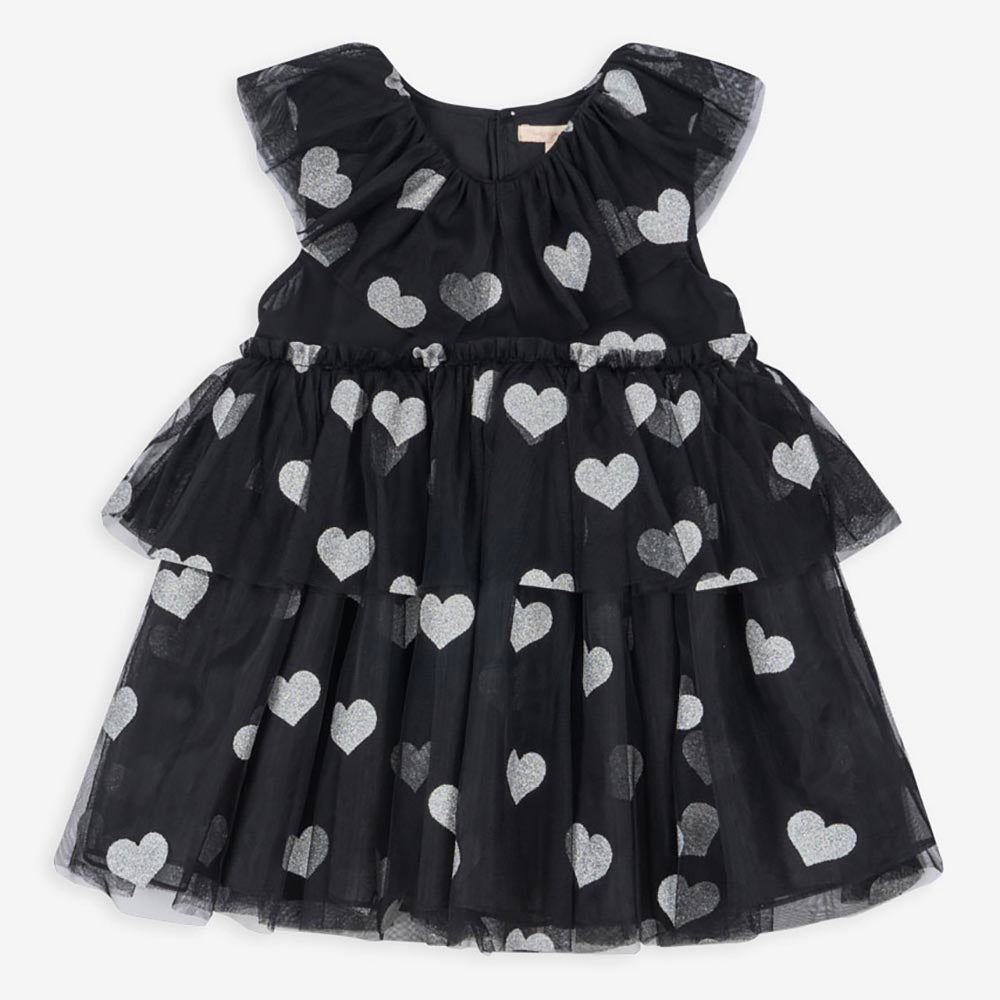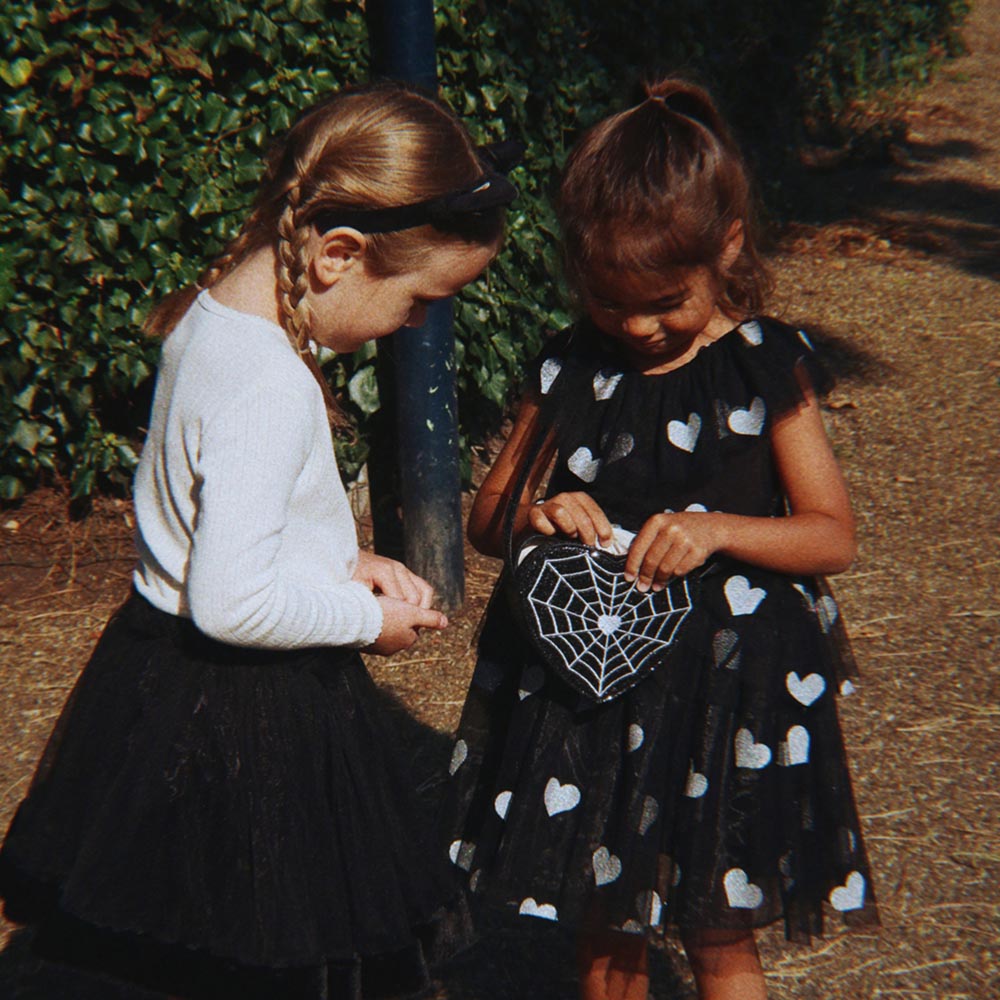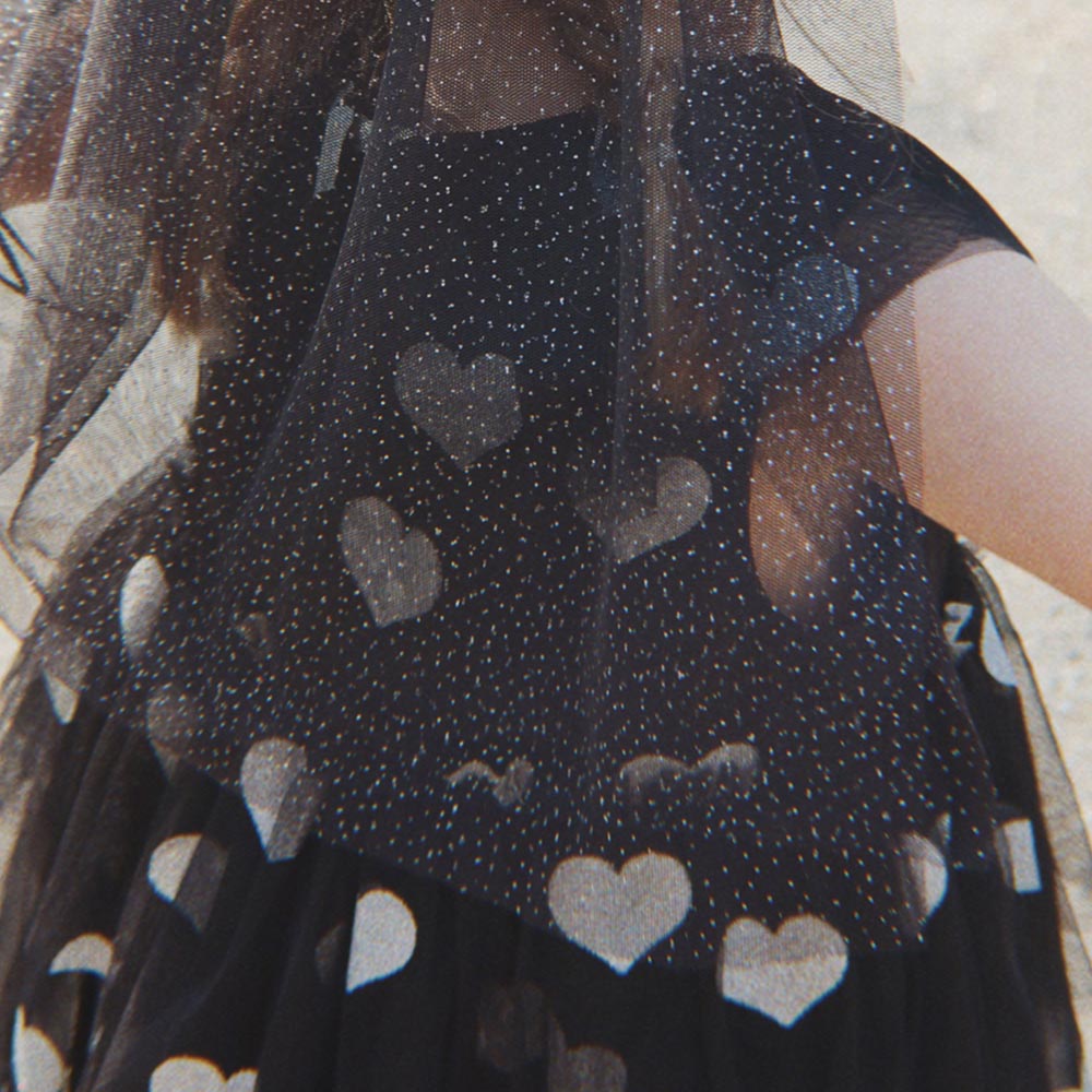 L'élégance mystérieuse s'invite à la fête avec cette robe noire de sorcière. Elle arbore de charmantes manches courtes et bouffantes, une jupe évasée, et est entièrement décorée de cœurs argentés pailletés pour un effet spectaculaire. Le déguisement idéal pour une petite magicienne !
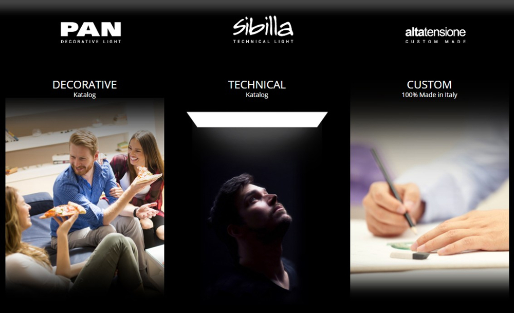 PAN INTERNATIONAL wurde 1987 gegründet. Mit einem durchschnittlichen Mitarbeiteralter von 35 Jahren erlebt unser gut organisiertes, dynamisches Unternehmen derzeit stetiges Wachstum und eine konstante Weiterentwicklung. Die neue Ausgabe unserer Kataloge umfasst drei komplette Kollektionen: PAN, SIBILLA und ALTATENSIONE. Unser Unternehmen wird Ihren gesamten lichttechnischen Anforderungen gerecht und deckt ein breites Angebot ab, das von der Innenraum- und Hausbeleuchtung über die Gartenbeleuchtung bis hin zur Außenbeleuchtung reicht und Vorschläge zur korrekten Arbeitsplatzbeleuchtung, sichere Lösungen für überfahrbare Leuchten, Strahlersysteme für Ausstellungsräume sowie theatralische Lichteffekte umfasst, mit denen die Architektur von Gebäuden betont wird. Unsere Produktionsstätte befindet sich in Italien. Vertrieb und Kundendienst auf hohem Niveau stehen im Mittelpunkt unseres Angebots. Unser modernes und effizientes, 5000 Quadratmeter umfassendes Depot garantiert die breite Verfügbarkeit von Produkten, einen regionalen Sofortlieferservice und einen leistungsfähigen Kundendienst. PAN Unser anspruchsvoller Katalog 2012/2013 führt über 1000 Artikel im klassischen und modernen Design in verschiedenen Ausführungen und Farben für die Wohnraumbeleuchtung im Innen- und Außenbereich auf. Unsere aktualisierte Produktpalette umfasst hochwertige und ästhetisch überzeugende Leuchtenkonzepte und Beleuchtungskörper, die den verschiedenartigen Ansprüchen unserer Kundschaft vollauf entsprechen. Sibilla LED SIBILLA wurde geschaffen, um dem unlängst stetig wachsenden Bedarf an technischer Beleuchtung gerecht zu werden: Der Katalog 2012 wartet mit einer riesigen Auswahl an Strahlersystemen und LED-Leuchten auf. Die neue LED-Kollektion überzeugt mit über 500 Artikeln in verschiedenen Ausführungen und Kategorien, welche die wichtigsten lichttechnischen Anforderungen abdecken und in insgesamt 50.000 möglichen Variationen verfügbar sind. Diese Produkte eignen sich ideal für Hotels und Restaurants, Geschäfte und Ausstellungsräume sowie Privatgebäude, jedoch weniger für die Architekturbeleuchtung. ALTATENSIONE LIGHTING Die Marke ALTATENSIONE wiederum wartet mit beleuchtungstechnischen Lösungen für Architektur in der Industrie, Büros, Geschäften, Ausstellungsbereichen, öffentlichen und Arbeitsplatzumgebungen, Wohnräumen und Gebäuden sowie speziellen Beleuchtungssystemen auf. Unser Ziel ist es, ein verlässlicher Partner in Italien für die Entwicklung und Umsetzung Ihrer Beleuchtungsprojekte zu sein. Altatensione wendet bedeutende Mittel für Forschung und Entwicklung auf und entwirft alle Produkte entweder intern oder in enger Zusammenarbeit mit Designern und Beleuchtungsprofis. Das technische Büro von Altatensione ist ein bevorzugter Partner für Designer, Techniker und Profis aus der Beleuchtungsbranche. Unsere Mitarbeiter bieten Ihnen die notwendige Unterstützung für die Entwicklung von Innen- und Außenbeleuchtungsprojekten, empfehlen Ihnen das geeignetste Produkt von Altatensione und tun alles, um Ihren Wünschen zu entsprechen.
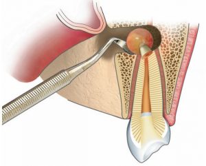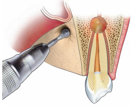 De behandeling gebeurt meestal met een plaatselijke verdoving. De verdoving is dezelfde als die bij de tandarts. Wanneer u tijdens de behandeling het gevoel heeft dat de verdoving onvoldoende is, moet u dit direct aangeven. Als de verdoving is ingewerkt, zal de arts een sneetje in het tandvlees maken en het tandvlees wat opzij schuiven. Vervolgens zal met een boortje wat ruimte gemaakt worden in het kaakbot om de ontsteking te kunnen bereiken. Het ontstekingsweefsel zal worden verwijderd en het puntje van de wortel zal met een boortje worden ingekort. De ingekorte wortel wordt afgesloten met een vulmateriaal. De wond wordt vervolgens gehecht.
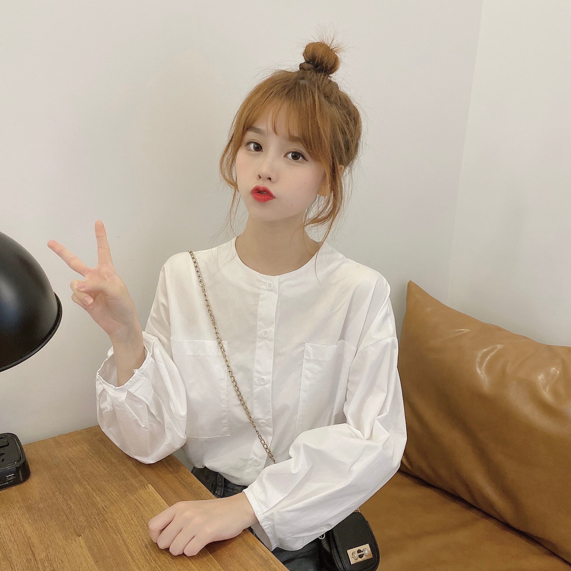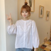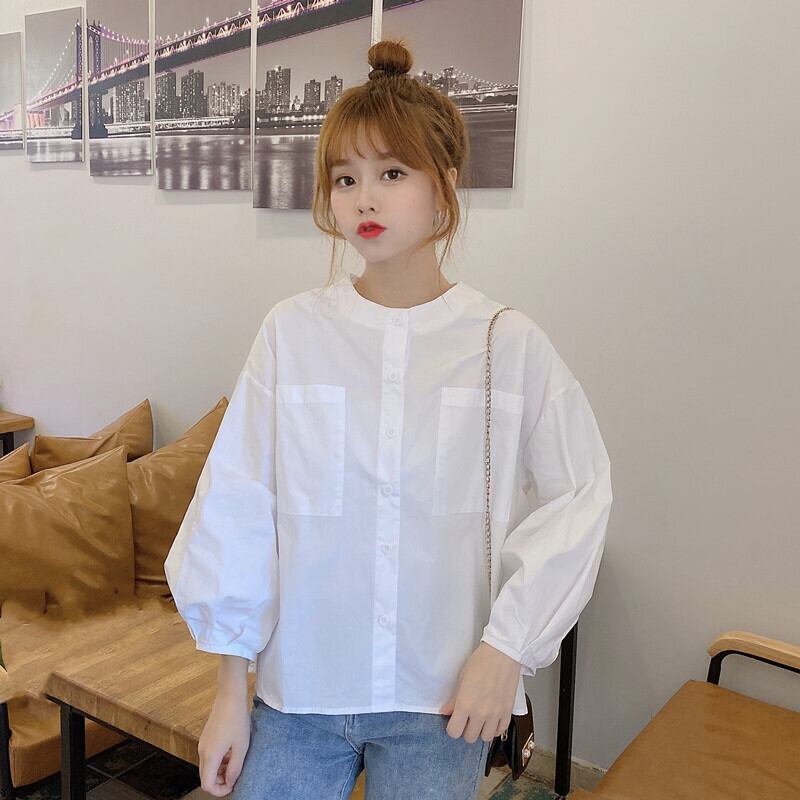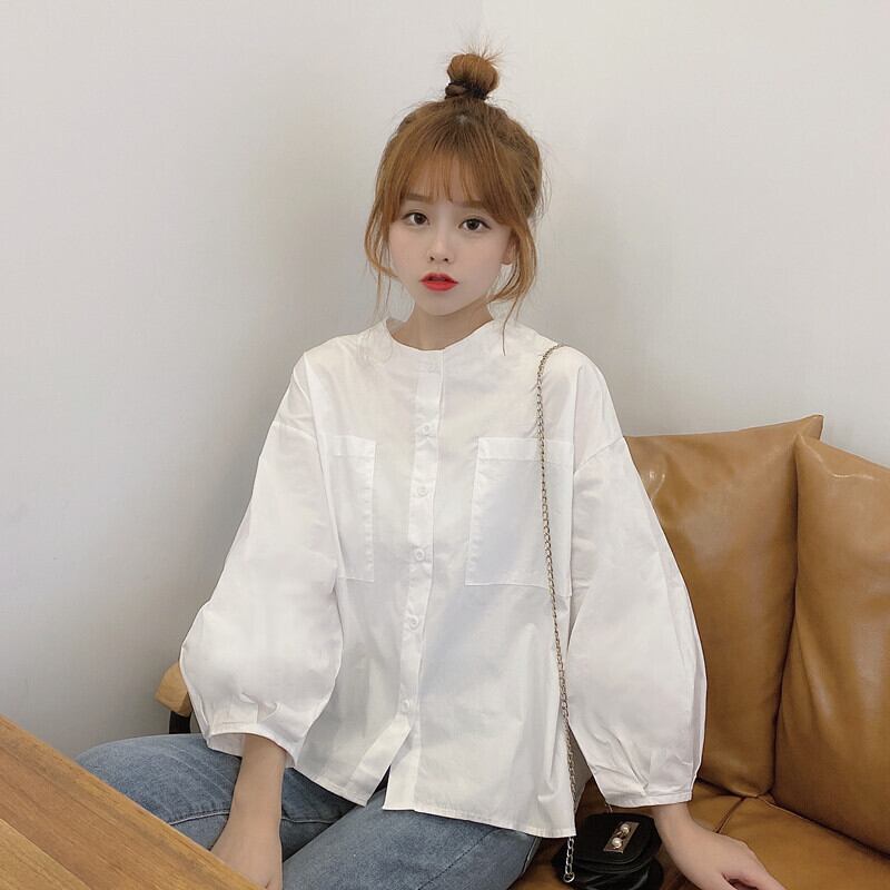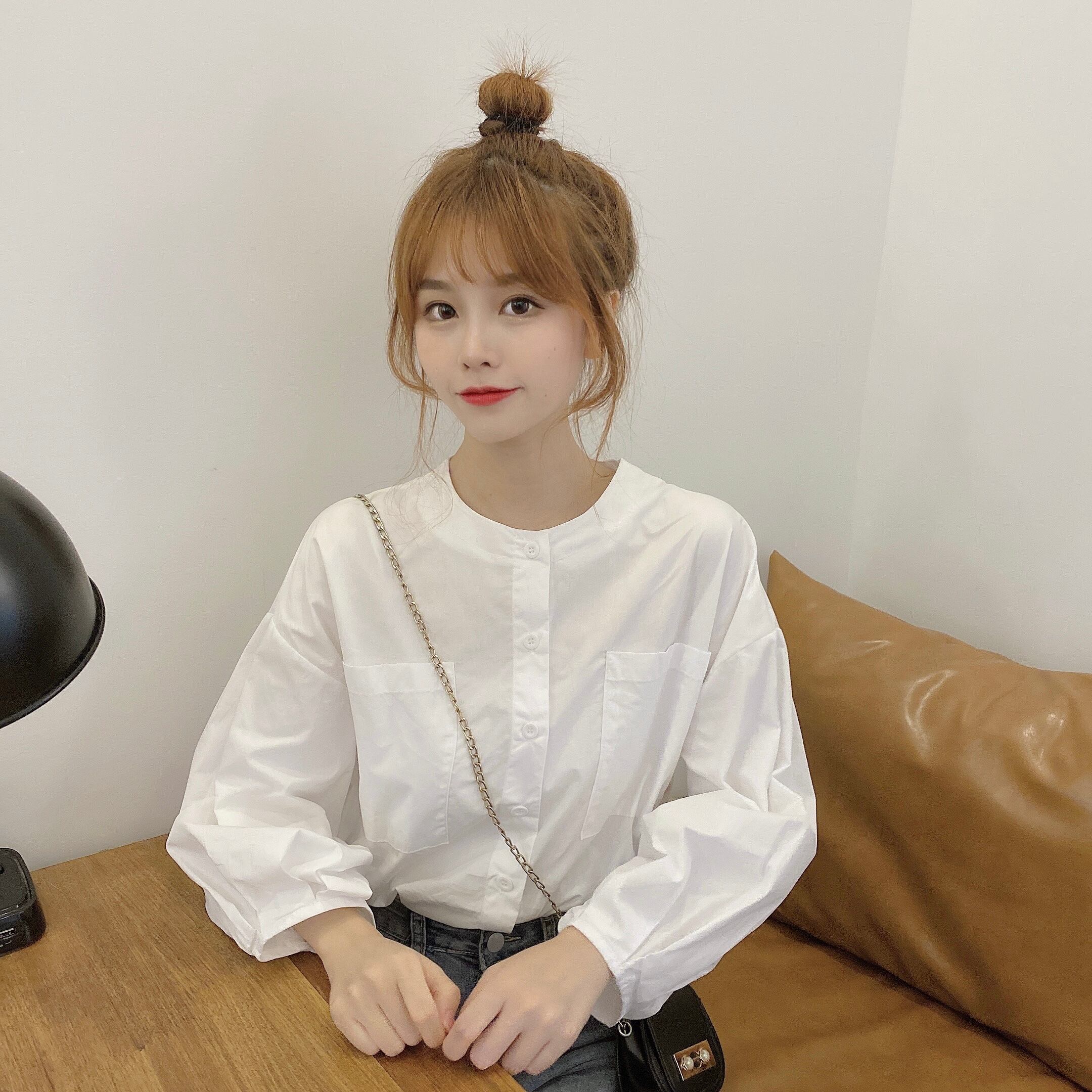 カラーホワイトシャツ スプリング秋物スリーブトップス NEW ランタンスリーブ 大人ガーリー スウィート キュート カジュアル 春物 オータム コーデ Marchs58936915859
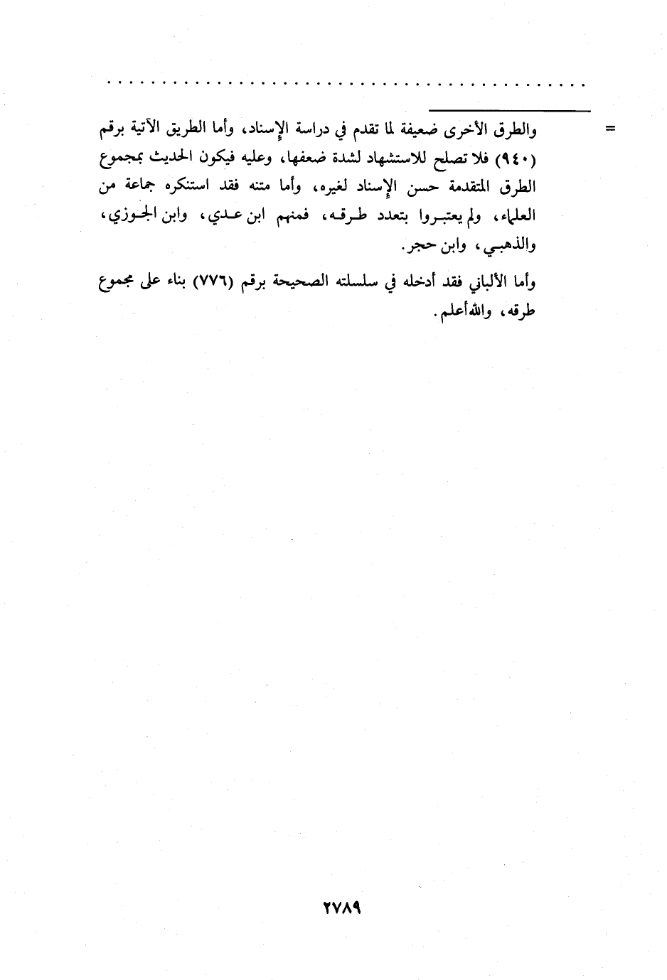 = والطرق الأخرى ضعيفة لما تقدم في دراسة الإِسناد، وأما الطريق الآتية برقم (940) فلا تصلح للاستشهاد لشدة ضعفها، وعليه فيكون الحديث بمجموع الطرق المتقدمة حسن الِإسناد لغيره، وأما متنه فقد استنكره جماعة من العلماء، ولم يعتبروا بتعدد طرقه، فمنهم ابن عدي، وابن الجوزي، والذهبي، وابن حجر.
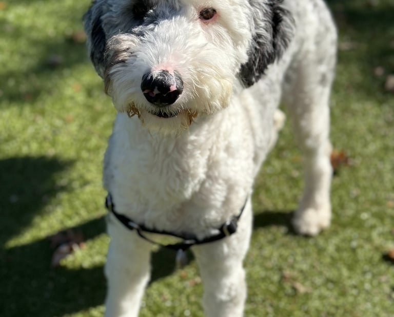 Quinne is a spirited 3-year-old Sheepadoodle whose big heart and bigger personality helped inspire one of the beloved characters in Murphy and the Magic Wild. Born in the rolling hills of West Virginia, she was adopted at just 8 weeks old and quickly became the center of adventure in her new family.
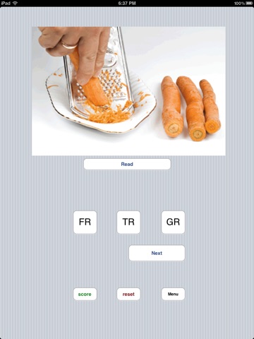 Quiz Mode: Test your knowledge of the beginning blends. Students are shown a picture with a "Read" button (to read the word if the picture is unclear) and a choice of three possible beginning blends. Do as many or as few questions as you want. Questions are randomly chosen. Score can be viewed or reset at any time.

* * *

Exercise goal >>
Copy out, exactly and without pictures, each line from the one containing "Quinne is a" through the final line of the entries, both ends included.

Your solution >>
 Quinne is a spirited 3-year-old Sheepadoodle whose big heart and bigger personality helped inspire one of the beloved characters in Murphy and the Magic Wild. Born in the rolling hills of West Virginia, she was adopted at just 8 weeks old and quickly became the center of adventure in her new family.
 Quiz Mode: Test your knowledge of the beginning blends. Students are shown a picture with a "Read" button (to read the word if the picture is unclear) and a choice of three possible beginning blends. Do as many or as few questions as you want. Questions are randomly chosen. Score can be viewed or reset at any time.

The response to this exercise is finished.